Physiological Right Ventricular Adaptation in Elite Athletes of African and Afro-Caribbean Origin
Do black athletes exhibit different characteristics of right ventricular (RV) enlargement than do white athletes?
Between 2006 and 2012, 300 consecutive black athletes (243 males) from 25 sporting disciplines were evaluated by use of electrocardiogram (ECG) and echocardiography. Results were compared with 375 white athletes and 153 sedentary control subjects (n = 69 blacks).
There were no ethnic differences between RV parameters in control subjects. Both black athletes and white athletes exhibited greater RV dimensions than control subjects. RV dimensions were marginally smaller in black athletes than in white athletes (proximal outflow tract diameter 30.9 ± 5.5 vs. 32.8 ± 5.3 mm, p < 0.001; longitudinal dimension 86.6 ± 9.5 vs. 89.8 ± 9.6 mm, p < 0.001), although only 2.3% of variation was attributable to ethnicity. RV enlargement compatible with diagnostic criteria for arrhythmogenic RV cardiomyopathy was frequently observed (proximal outflow tract ≥32 mm; 45.0% of black athletes, 58.5% of white athletes). Anterior T-wave inversion was present in 14.3% of black athletes versus 3.7% of white athletes (p < 0.001). Marked RV enlargement with concomitant anterior T-wave inversion was observed in 3.0% of black athletes versus 0.3% of white athletes (p = 0.005). Further investigation did not diagnose arrhythmogenic RV cardiomyopathy in any athlete.

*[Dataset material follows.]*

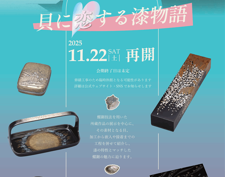 イベント詳細 日付: 2025年11月22 – 12月28日 カテゴリ: 開催中の展覧会 螺鈿技法を用いた所 … 続きを読む 螺鈿―貝に恋する漆物語

Physiological RV enlargement is commonly observed in both black and white athletes. The impact of ethnicity is minimal, which obviates the need for race-specific RV reference values. However, in the context of frequent ECG repolarization anomalies in black athletes, the potential for erroneous diagnosis of arrhythmogenic RV cardiomyopathy is considerably greater in this ethnic group.
Regular, intensive exercise results in physiological biventricular cardiac adaptation. Ethnicity is an established determinant of left ventricular remodeling; across all sports, black athletes are known to exhibit more profound LV hypertrophy than white athletes. This study shows that RV enlargement is not substantially different in black athletes compared to white athletes. However, a higher prevalence of underlying ECG abnormalities (potentially suggestive of arrhythmogenic RV cardiomyopathy) among black athletes increases the potential for inappropriate disqualification of black athletes based on physiological RV enlargement.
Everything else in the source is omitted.